▶ _Task item_: Every line of the listing below should come back exactly as written, with no images.

▶ _Data provided_:
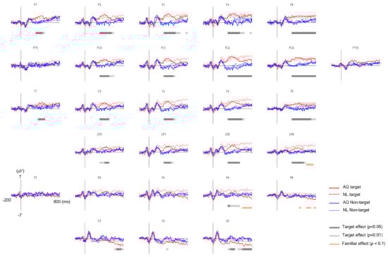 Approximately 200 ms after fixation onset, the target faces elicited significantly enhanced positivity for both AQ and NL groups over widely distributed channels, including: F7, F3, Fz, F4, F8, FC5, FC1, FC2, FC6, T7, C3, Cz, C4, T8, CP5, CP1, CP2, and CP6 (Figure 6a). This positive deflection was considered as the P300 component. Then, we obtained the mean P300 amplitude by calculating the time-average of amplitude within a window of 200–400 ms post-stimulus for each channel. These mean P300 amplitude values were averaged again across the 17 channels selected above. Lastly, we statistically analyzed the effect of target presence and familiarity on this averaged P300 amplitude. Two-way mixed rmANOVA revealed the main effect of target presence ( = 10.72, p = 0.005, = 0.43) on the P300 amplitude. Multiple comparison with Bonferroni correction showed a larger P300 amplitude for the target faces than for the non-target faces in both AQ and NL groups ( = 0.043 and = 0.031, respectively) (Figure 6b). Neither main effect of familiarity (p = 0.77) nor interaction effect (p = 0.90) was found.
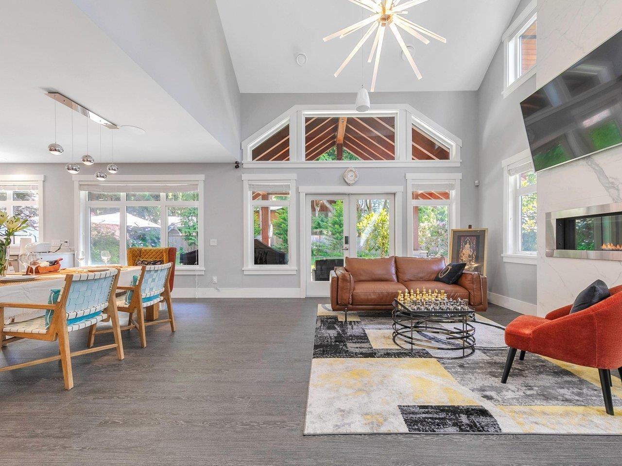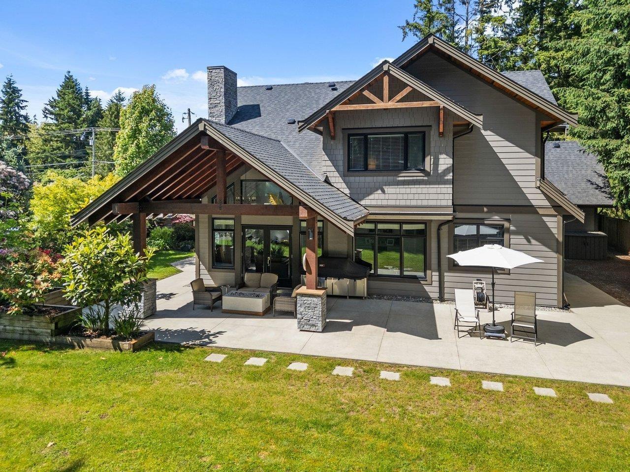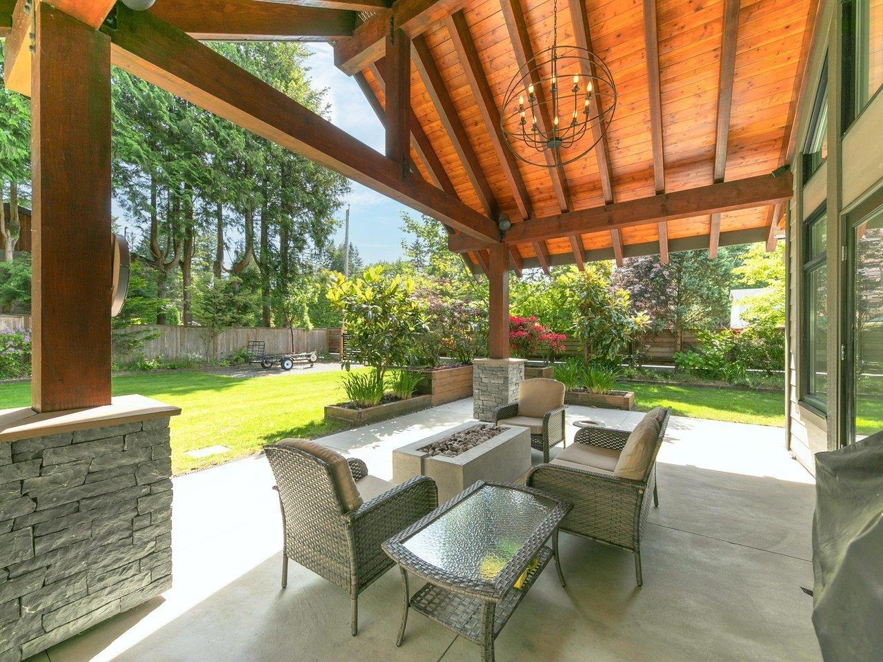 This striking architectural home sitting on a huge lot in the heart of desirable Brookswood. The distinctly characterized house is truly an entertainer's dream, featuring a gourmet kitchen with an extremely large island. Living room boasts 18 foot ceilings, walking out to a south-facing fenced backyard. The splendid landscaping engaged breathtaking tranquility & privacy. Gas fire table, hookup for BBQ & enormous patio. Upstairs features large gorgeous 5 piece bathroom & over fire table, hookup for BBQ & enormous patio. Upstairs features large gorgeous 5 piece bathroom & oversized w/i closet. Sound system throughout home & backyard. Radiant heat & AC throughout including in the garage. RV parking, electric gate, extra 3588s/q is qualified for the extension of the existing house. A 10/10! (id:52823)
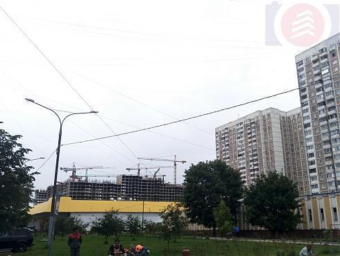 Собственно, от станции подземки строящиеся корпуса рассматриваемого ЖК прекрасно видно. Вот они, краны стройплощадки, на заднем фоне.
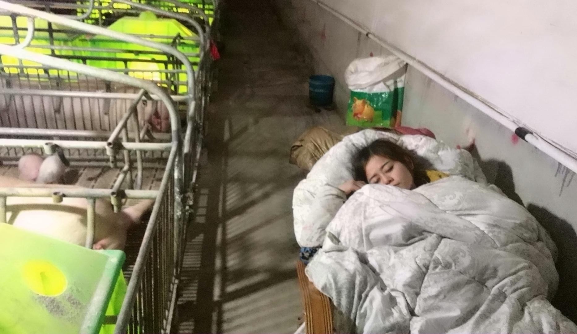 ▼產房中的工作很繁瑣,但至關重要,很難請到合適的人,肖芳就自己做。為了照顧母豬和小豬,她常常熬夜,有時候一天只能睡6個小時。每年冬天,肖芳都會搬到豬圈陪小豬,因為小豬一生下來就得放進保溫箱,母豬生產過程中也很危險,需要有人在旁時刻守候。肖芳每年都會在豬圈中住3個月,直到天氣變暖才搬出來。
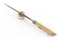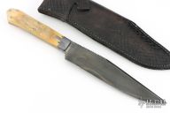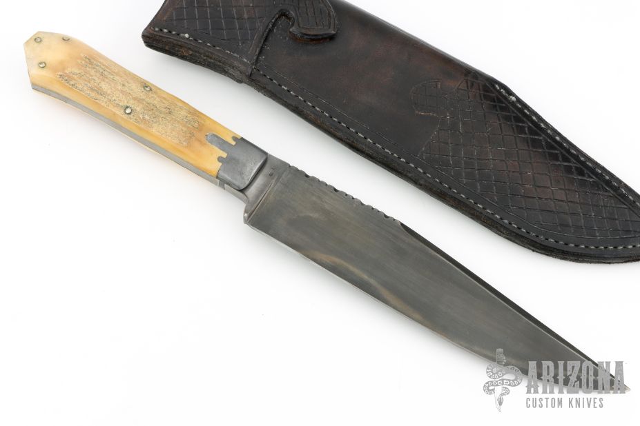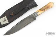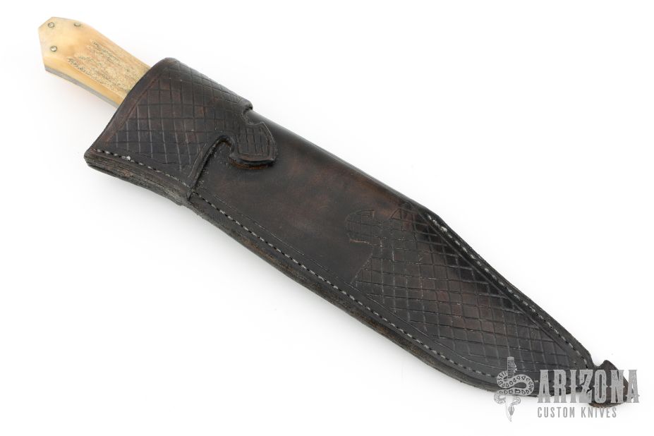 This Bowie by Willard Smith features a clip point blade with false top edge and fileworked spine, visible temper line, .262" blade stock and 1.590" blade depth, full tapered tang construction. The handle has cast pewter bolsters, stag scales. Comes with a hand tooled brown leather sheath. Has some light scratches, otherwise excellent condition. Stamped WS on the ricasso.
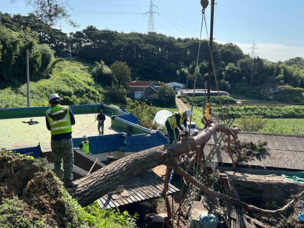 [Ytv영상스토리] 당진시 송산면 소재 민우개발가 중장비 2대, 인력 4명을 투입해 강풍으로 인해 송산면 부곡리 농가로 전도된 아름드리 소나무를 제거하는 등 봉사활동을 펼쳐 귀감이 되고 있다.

▶ _Solution to the exercise_:
 Approximately 200 ms after fixation onset, the target faces elicited significantly enhanced positivity for both AQ and NL groups over widely distributed channels, including: F7, F3, Fz, F4, F8, FC5, FC1, FC2, FC6, T7, C3, Cz, C4, T8, CP5, CP1, CP2, and CP6 (Figure 6a). This positive deflection was considered as the P300 component. Then, we obtained the mean P300 amplitude by calculating the time-average of amplitude within a window of 200–400 ms post-stimulus for each channel. These mean P300 amplitude values were averaged again across the 17 channels selected above. Lastly, we statistically analyzed the effect of target presence and familiarity on this averaged P300 amplitude. Two-way mixed rmANOVA revealed the main effect of target presence ( = 10.72, p = 0.005, = 0.43) on the P300 amplitude. Multiple comparison with Bonferroni correction showed a larger P300 amplitude for the target faces than for the non-target faces in both AQ and NL groups ( = 0.043 and = 0.031, respectively) (Figure 6b). Neither main effect of familiarity (p = 0.77) nor interaction effect (p = 0.90) was found.
 This striking architectural home sitting on a huge lot in the heart of desirable Brookswood. The distinctly characterized house is truly an entertainer's dream, featuring a gourmet kitchen with an extremely large island. Living room boasts 18 foot ceilings, walking out to a south-facing fenced backyard. The splendid landscaping engaged breathtaking tranquility & privacy. Gas fire table, hookup for BBQ & enormous patio. Upstairs features large gorgeous 5 piece bathroom & over fire table, hookup for BBQ & enormous patio. Upstairs features large gorgeous 5 piece bathroom & oversized w/i closet. Sound system throughout home & backyard. Radiant heat & AC throughout including in the garage. RV parking, electric gate, extra 3588s/q is qualified for the extension of the existing house. A 10/10! (id:52823)
 Собственно, от станции подземки строящиеся корпуса рассматриваемого ЖК прекрасно видно. Вот они, краны стройплощадки, на заднем фоне.
 ▼產房中的工作很繁瑣,但至關重要,很難請到合適的人,肖芳就自己做。為了照顧母豬和小豬,她常常熬夜,有時候一天只能睡6個小時。每年冬天,肖芳都會搬到豬圈陪小豬,因為小豬一生下來就得放進保溫箱,母豬生產過程中也很危險,需要有人在旁時刻守候。肖芳每年都會在豬圈中住3個月,直到天氣變暖才搬出來。
 This Bowie by Willard Smith features a clip point blade with false top edge and fileworked spine, visible temper line, .262" blade stock and 1.590" blade depth, full tapered tang construction. The handle has cast pewter bolsters, stag scales. Comes with a hand tooled brown leather sheath. Has some light scratches, otherwise excellent condition. Stamped WS on the ricasso.
 [Ytv영상스토리] 당진시 송산면 소재 민우개발가 중장비 2대, 인력 4명을 투입해 강풍으로 인해 송산면 부곡리 농가로 전도된 아름드리 소나무를 제거하는 등 봉사활동을 펼쳐 귀감이 되고 있다.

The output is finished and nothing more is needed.